Colored squares without numbers that fall between two adjacent clusters indicate a supercluster. CMA Superclusters consist set of clustered matches sharing segments in close proximity on the same chromosome indicating that larger region of that side of the chromosome is coming from the same general line.
It is essential to remember while CMA cluster maps provide valuable clues to shared descent, they are not proof per se of specific ancestors, although it is usually the case that cluster members are descendants of the same individual. Although superclustered matches share the ancestry from the same broad line, their most recent common ancestors (MRCA) may differ from cluster to cluster within the supercluster.
If you have a live internet connection and click a cluster, a popup menu will appear enabling you to see a list of cluster members or Chromosome Browser details (excluding Ancestry).
The HTML Cluster report allows you to array all matches by segment or, by toggling cluster, show only cluster members as in the example below where unclustered matches are removed after clicking Toggle Cluster (top center of graph)
Match details appear in the leftmost columns and in the last column on the right where a chromosome browser shows segments visually. Details include
- A tree icon linked to a publicly shared tree, if available and linked to the DNA kit. Unlinked trees may exist but are not indicated.
- Segment details including start, end, cM and SNPS
- The Match’s kit name – If available, clicking the name will open the Match page in a new tab.
- The color code assigned to the Match’s cluster
Reading the Excel Cluster Report
The Excel Report is a workbook with a worksheet for each chromosome that can be selected by clicking either the numbered Chromosome tabs along the bottom of the Excel window. Worksheets show the same data as the unclustered HTML view.
Unlike the HTML format, Excel data can be easily annotated, highlighted, or extracted as data. For example, where white rows alternate with color coded rows, a closer look at segment details provides clues to which side of the tree matches may becoming from since segments overlapping by 7 CM or more would be likely to be ICW matches and therefore cluster IF they are coming from the same ancestral line as the clusterable matches.

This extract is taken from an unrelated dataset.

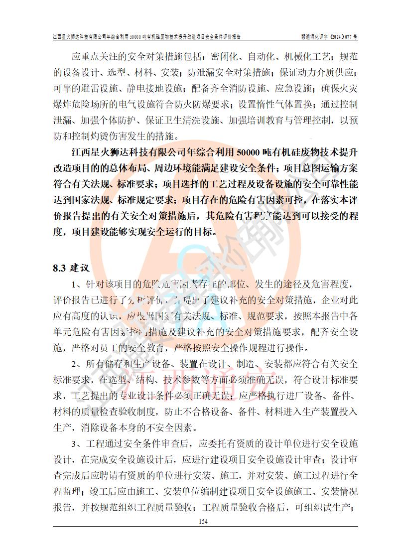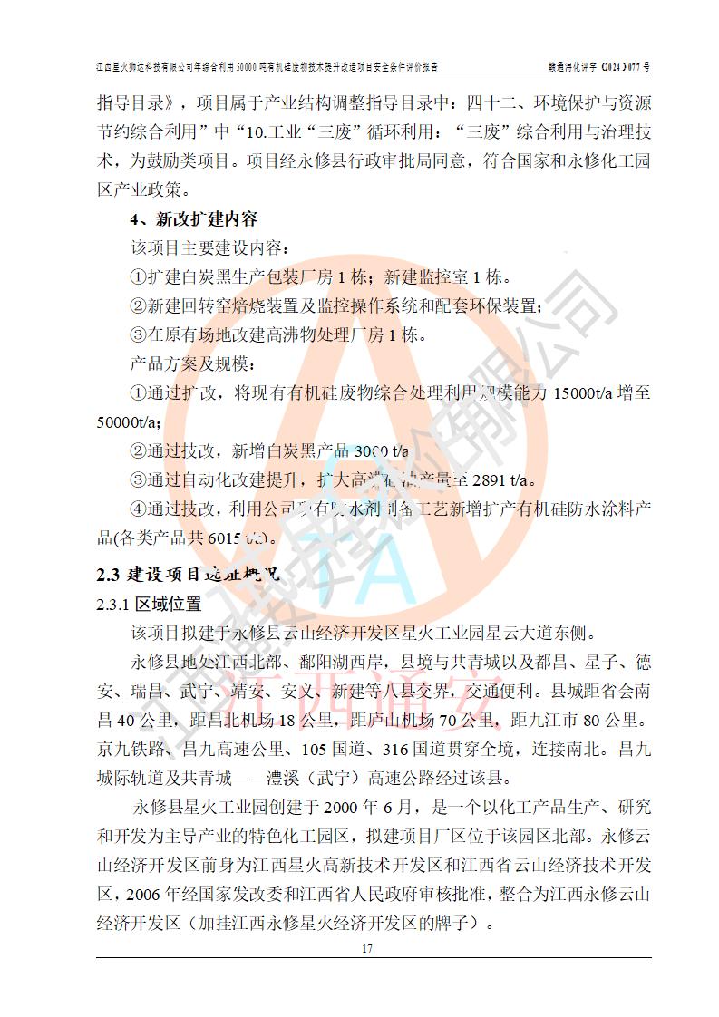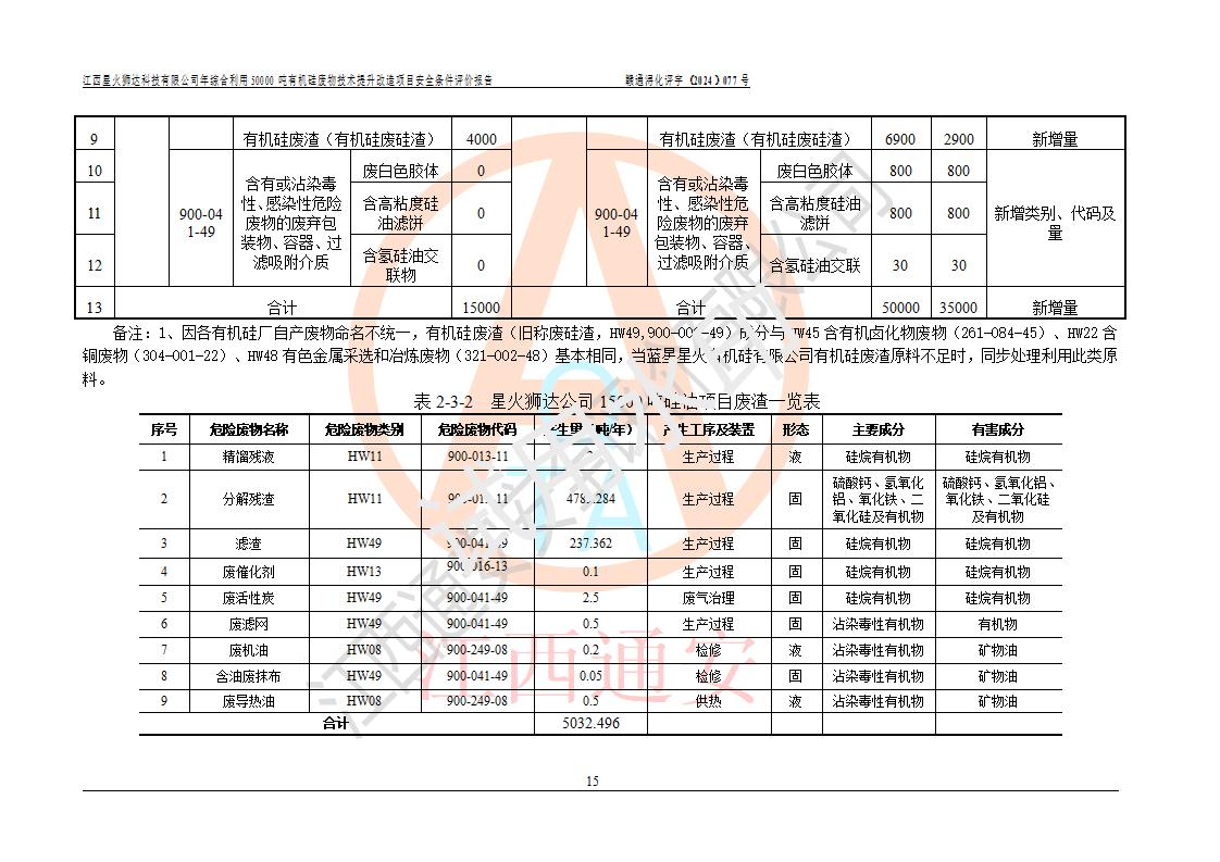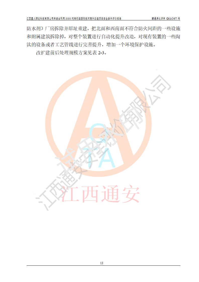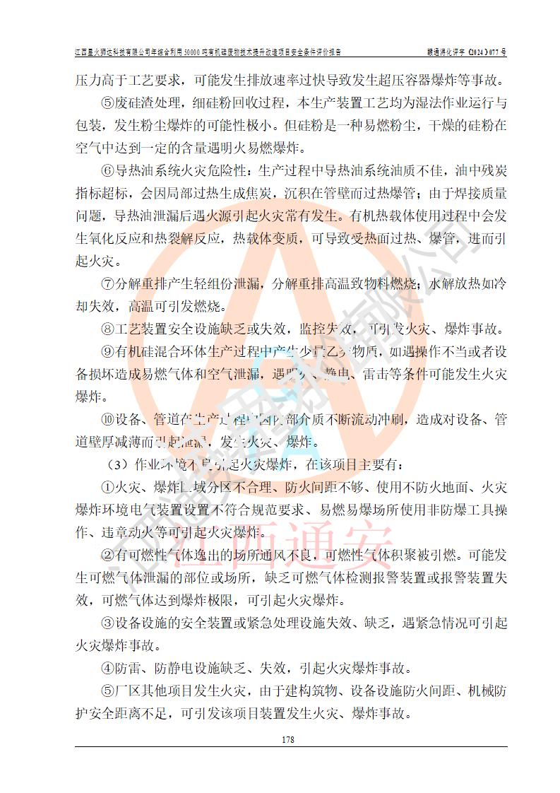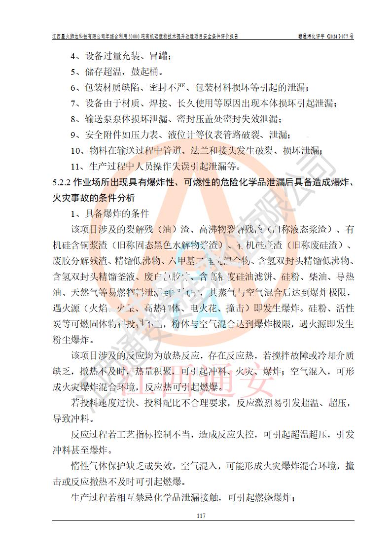 江西星火獅達科技有限公司年綜合利用50000噸有機硅廢物技術(shù)提升改造項目安全條件評價報告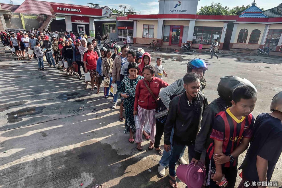 30號在帕盧市,人們正在排隊領取燃料。現在對當地居民來說,他們最需要的自然是水、電等基本物資。

Some important items to note:
- The colors of the clusters are arbitrary! They were chosen to visually distinguish matches from each other. They repeat after the 10, so even if they are the same color, they don’t belong in the same cluster if they don’t touch!
- Although a cluster indicates a line of descent in common, the same line may have several clusters,
- The Cross-Cluster Matches (where there is strong indication a match also shares matches with another cluster) are sometimes as important as the clusters themselves. Treat them as clues for how the clusters are related.